# Directions for this task
Scan the lines below for the string "plan" and copy every one that has it.

Saved entries:
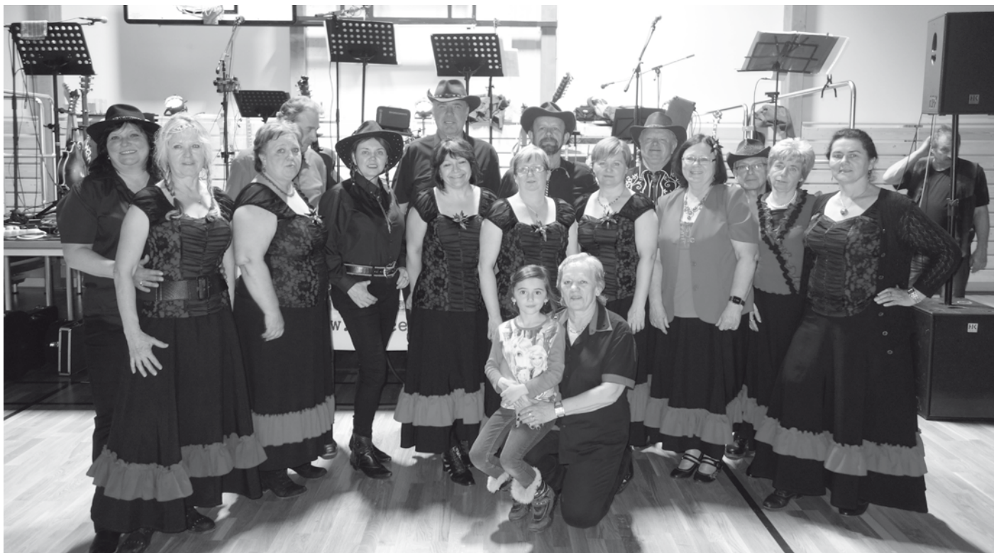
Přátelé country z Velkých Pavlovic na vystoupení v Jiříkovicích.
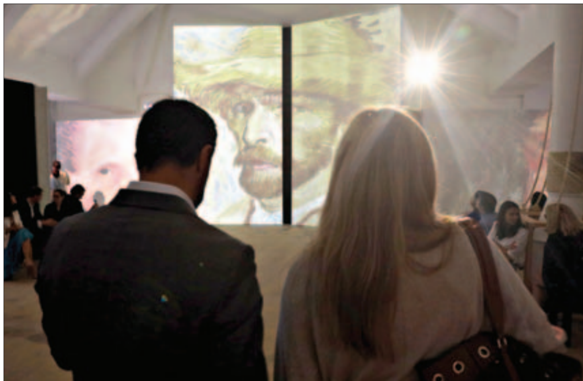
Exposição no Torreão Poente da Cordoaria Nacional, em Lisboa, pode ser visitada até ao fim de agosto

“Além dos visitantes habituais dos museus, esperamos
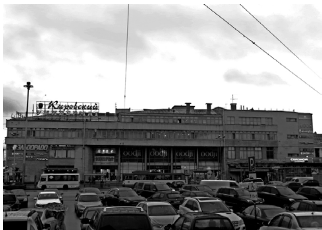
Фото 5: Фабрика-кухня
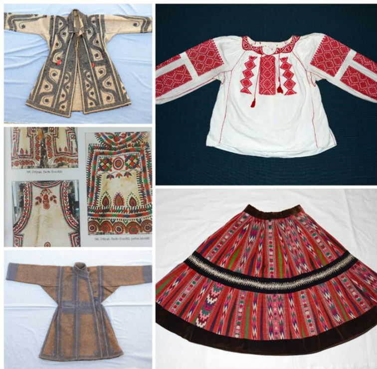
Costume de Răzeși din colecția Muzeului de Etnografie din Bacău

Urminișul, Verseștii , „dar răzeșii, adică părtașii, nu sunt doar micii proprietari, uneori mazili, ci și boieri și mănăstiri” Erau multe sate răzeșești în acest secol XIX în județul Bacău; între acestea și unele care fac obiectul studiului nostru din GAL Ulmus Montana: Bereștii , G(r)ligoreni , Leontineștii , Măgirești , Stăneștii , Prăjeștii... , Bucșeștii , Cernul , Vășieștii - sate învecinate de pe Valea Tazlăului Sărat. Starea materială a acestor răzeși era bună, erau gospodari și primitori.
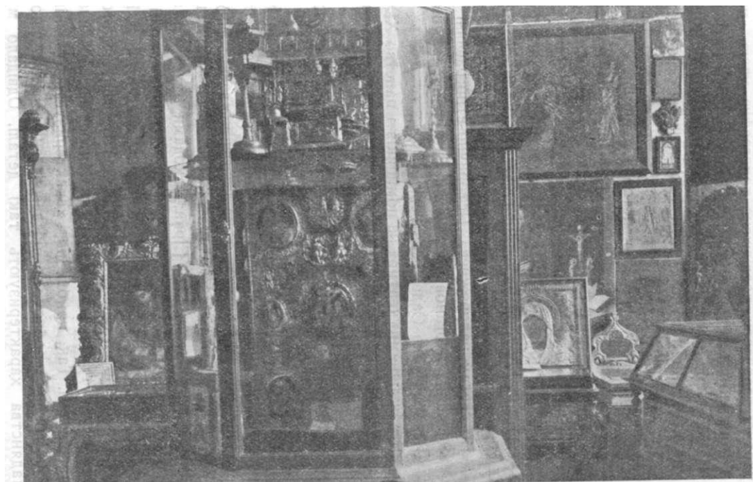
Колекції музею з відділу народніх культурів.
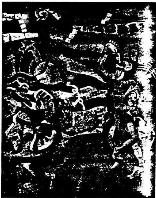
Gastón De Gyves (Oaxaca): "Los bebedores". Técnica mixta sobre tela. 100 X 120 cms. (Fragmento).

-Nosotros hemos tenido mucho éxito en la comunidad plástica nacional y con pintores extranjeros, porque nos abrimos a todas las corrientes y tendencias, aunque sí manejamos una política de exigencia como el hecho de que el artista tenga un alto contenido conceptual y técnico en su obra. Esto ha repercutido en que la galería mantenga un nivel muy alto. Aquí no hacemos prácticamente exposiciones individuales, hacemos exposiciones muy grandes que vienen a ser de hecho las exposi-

* * *

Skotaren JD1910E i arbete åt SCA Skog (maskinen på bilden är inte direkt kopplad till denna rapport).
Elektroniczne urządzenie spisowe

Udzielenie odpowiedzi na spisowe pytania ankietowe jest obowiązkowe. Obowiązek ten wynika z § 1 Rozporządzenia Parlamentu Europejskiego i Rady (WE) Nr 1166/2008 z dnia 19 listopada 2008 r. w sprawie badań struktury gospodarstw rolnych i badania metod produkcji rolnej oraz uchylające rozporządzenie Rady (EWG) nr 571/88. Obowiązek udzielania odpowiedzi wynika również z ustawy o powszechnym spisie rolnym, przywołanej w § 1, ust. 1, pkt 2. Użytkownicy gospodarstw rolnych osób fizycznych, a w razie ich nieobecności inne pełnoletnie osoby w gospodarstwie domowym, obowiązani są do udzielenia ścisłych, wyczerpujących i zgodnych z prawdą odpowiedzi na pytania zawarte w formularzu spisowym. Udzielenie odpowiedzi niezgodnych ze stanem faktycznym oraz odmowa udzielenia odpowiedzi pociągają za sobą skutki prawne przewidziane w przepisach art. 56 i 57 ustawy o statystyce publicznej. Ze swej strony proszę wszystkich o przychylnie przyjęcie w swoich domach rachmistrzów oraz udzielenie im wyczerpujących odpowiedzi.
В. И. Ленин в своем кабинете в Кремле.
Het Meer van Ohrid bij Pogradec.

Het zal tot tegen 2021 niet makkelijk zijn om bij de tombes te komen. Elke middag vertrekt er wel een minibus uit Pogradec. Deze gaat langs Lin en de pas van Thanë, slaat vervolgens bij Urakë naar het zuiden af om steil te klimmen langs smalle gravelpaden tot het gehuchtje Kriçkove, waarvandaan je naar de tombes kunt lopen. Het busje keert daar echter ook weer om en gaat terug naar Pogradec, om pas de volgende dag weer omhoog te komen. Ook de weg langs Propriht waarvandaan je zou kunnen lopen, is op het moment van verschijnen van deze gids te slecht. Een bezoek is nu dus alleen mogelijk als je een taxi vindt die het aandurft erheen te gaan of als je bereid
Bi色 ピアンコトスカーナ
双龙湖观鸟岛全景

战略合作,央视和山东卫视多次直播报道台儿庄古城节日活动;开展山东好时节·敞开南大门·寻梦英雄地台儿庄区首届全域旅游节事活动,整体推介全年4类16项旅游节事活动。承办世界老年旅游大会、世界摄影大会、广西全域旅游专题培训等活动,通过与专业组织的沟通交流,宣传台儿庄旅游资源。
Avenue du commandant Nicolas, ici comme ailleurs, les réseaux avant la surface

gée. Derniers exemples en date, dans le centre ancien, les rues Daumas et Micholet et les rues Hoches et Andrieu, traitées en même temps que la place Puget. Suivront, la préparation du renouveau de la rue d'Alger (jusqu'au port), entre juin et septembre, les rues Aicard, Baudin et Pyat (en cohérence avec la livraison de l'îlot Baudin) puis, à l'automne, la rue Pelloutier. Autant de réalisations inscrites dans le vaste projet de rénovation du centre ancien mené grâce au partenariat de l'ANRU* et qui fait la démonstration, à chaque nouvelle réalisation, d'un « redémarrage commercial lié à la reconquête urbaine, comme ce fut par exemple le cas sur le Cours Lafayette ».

==

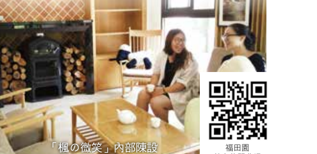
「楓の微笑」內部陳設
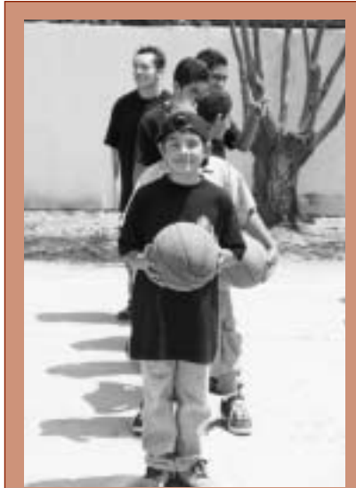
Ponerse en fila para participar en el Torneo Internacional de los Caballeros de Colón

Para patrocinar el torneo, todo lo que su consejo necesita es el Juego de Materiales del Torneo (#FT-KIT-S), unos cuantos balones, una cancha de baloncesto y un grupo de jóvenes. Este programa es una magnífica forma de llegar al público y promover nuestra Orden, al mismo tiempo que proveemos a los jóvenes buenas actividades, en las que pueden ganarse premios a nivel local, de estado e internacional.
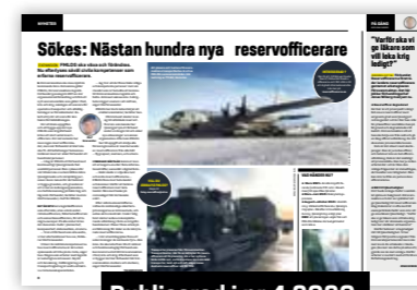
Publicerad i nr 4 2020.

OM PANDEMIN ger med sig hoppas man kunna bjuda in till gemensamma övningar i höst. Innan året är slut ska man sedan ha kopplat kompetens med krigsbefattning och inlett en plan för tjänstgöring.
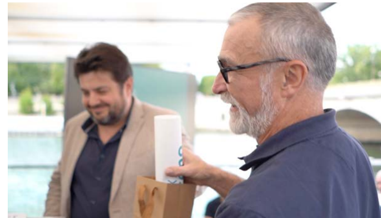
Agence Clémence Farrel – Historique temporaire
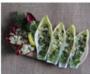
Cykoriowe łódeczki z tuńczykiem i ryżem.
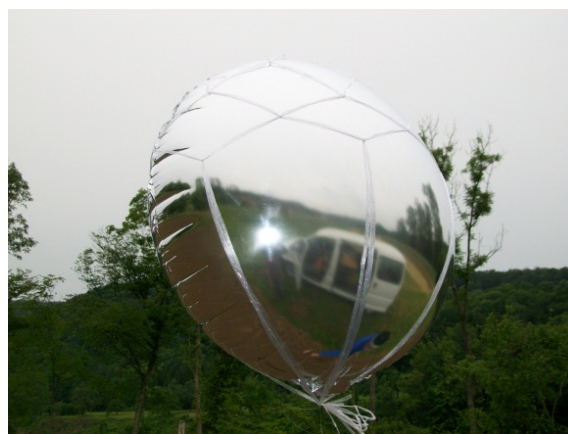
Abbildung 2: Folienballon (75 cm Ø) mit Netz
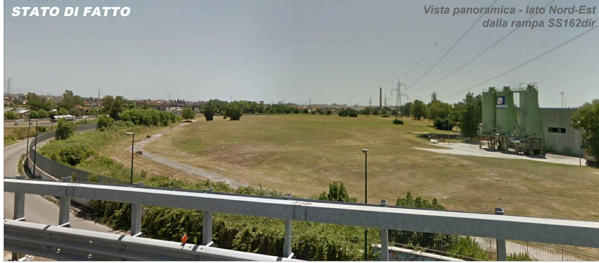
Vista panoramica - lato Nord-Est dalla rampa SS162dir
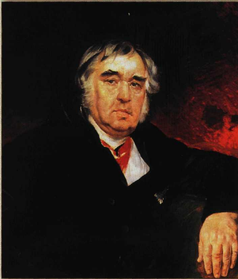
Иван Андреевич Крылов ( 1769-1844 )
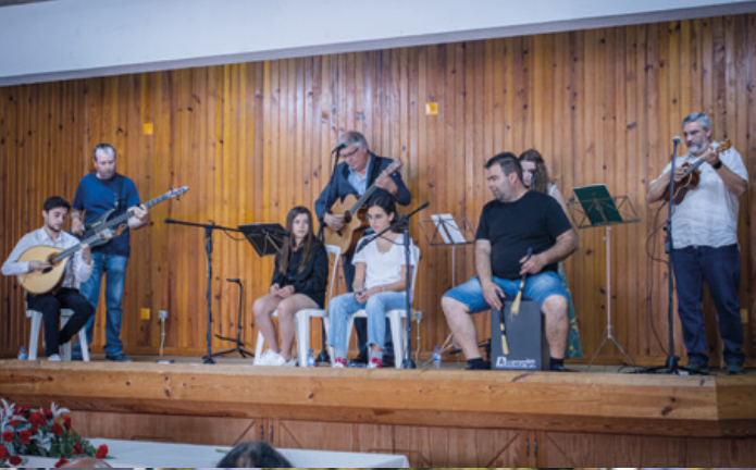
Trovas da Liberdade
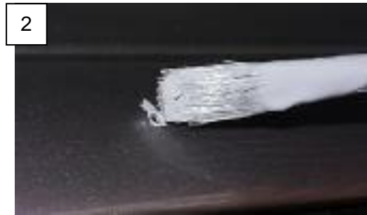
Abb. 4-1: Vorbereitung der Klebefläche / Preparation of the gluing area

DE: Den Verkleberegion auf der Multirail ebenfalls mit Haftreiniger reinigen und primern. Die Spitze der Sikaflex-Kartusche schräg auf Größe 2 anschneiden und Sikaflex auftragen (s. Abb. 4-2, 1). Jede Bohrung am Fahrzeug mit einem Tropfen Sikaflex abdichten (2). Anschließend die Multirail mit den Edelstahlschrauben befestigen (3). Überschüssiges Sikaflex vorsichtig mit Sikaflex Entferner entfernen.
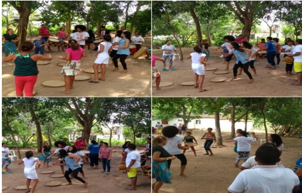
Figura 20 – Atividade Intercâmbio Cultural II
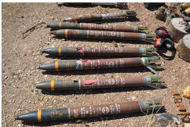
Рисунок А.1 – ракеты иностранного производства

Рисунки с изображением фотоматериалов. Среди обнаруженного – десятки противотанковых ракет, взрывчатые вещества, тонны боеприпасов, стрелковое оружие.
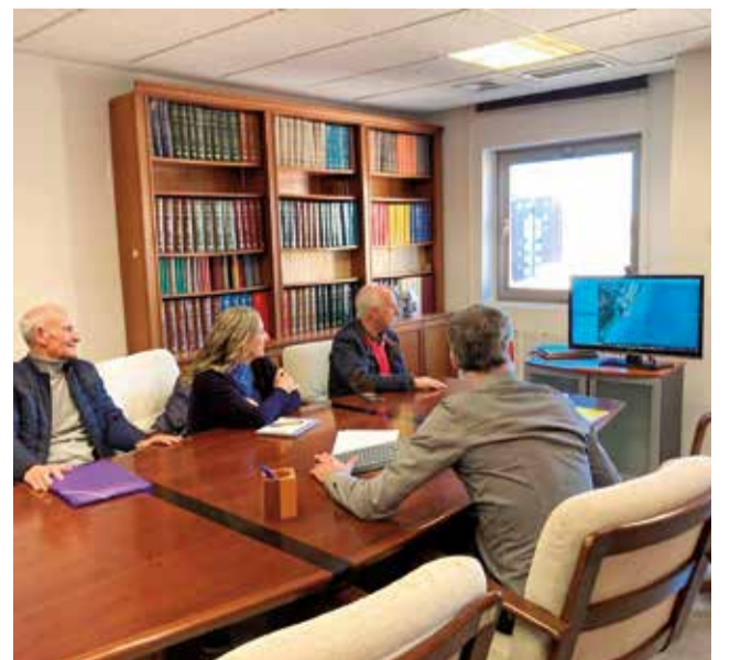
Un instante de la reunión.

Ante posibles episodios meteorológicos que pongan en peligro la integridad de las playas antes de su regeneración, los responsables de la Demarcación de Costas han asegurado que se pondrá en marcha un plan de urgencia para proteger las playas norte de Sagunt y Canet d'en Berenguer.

# Response area
OM PANDEMIN ger med sig hoppas man kunna bjuda in till gemensamma övningar i höst. Innan året är slut ska man sedan ha kopplat kompetens med krigsbefattning och inlett en plan för tjänstgöring.
Ante posibles episodios meteorológicos que pongan en peligro la integridad de las playas antes de su regeneración, los responsables de la Demarcación de Costas han asegurado que se pondrá en marcha un plan de urgencia para proteger las playas norte de Sagunt y Canet d'en Berenguer.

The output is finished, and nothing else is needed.